Earlier Wednesday, the government released encouraging inflation data, as core inflation, according to the consumer price index, dipped to its lowest level since April 2021, at 3.4%. “The May’s CPI was very benign” and will “put a spring in” Fed Chairman Jerome Powell’s step, JPMorgan Chase’s chief U.S. economist Michael Feroli predicted ahead of the Fed’s afternoon release.
According to the widely cited CME FedWatch Tool, there’s a roughly 15% probability the Fed will initiate its first cut at its next meeting in July, about a 60% chance rates will be lower by September and 95% odds of a cut by year’s end. The CME Group tracker follows Fed swap contract trades betting on monetary policy. Expert opinions on when a cut will first occur vary, but economists at the likes of Goldman Sachs and Bank of America forecast September.

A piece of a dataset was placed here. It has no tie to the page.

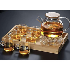 BỘ ẤM TRÀ THUỶ TINH CHỊU NHIỆT CÓ ĐẾ NẾN, BỘ ẤM CHÉN UỐNG TRÀ CAO CẤP 600ML

Of course, there’s potential for a change of plans if the U.S. economy undergoes an unforeseen change, demonstrated by the market’s incorrect expectation about a first-half cut.
“Suffice to say, the bond market and the Fed, for that matter, have been perennially wrong on this,” quipped Darrell Cronk, Wells Fargo’s chief investment officer for wealth and investment management, on a Tuesday conference call, referring to the market’s inability thus far to forecast the timing of the Fed policy shift.